After optimizing lately my vllm startup I started optimizing performance of vLLM during inference. Thing it had abysmal performance spanning like 2-4ts. Or even 0.5ts with 180k context. That was really terrible and I started to think that I wont be able to get better performance out of Strix Halo inside my Desktop Framework.
But… I remembered people praising it and its great usability with agents and Qwen models. How is that possible since it have so terrible performance.
I tested new version of Qwen 3.6 MOE in GGUF format with MTP (it was not available till recently in llama.cpp). On Vulkan I was able to achieve even 60t/s! Wow!
How is that possible? I understand that llama.cpp is optimized for single user usage but still… 60t/s vs 4? That is gigantic difference.

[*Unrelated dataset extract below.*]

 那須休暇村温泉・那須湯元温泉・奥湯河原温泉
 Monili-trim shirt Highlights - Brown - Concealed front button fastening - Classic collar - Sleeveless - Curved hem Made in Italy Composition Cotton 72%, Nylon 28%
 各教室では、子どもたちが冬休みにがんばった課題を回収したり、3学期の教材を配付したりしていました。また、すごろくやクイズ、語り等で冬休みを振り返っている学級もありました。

And then I tried it on agent and it was often almost all the time with more complex tool usage like regex replace for example.
I did another web search and some people were praising dense model as more correct. I decided to give it a go and it works!

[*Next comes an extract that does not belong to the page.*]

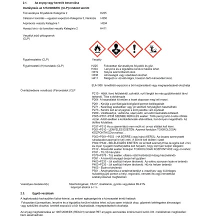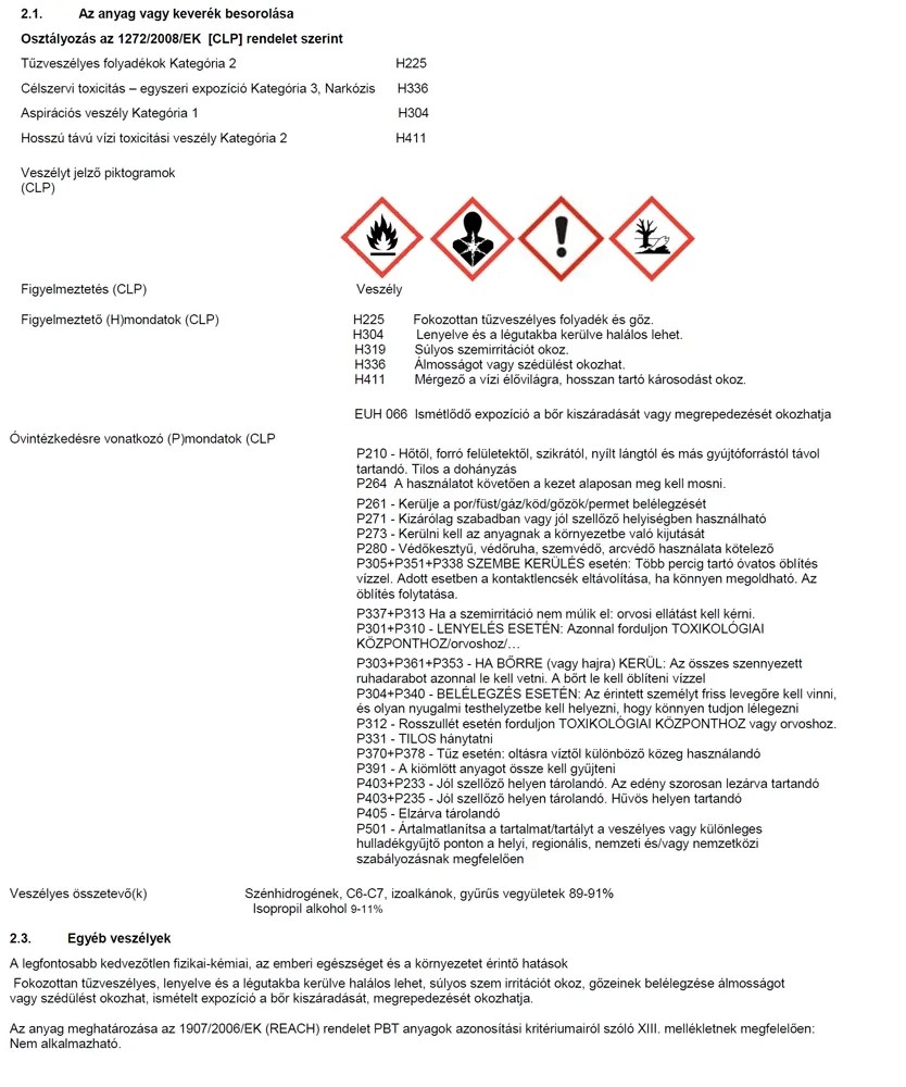 Könnyűbenzinből, ketonból és tisztítást fokozó adalékokból álló, különböző tisztítási munkálatokhoz alkalmazható folttisztító. Ideális bőr- és textília felületek, olajos alkatrészek tisztítására, illetve egyéb háztartási célokra is. Kis mennyiségben való felhordással már eredményesen távolíthatóak el a különböző szennyeződések. Alkalmazásakor védőkesztyű használata ajánlott.

It is much slower achieving only 20-30t/s in llama.cpp, but it is better to have slower but very often outputting correct text model instead of the wrong one like with MOE.
Just to have comparison I tested both llama.cpp with Qwen 3.6 27B:
============ Serving Benchmark Result ============ Successful requests: 100 Failed requests: 0 Maximum request concurrency: 1 Benchmark duration (s): 3473.48 Total input tokens: 2915 Total generated tokens: 25600 Request throughput (req/s): 0.03 Output token throughput (tok/s): 7.37 Peak output token throughput (tok/s): 4.00 Peak concurrent requests: 2.00 Total token throughput (tok/s): 8.21 ---------------Time to First Token---------------- Mean TTFT (ms): 703.98 Median TTFT (ms): 718.68 P99 TTFT (ms): 737.81 -----Time per Output Token (excl. 1st token)------ Mean TPOT (ms): 133.42 Median TPOT (ms): 124.01 P99 TPOT (ms): 158.99 ---------------Inter-token Latency---------------- Mean ITL (ms): 367.61 Median ITL (ms): 355.41 P99 ITL (ms): 1000.07 ==================================================
Less than 10t/s. And this is for small prompts about 20-30t. For over 100k context it would be most probably 4t/s.

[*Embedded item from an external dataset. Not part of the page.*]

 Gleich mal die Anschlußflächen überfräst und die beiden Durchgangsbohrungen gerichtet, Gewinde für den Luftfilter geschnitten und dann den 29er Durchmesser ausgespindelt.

But then I tested llama.cpp.
============ Serving Benchmark Result ============ Successful requests: 100 Failed requests: 0 Maximum request concurrency: 1 Benchmark duration (s): 1029.14 Total input tokens: 2915 Total generated tokens: 25600 Request throughput (req/s): 0.10 Output token throughput (tok/s): 24.88 Peak output token throughput (tok/s): 52.00 Peak concurrent requests: 2.00 Total token throughput (tok/s): 27.71 ---------------Time to First Token---------------- Mean TTFT (ms): 315.49 Median TTFT (ms): 194.85 P99 TTFT (ms): 1046.75 -----Time per Output Token (excl. 1st token)------ Mean TPOT (ms): 39.10 Median TPOT (ms): 29.51 P99 TPOT (ms): 120.42 ---------------Inter-token Latency---------------- Mean ITL (ms): 38.82 Median ITL (ms): 0.02 P99 ITL (ms): 362.10 ==================================================
27 t/s. This is huge difference. And llama.cpp can have similar throughput of tokens even with 200k context. Yes only for one user but on the other hand I can run two models like that and have agent use one and my AI assistant use another one.
Still this is very peculiar situation, why there is such difference. I will test it more but even if I messed up some of kernel parameters for GTT, which I do not think I did, with docker image that I am using it should rather OOM instead of getting so slow. Also with docker image all necessary libraries should be bundled there.
I will keep testing it but right now I am again using llama mostly for inference.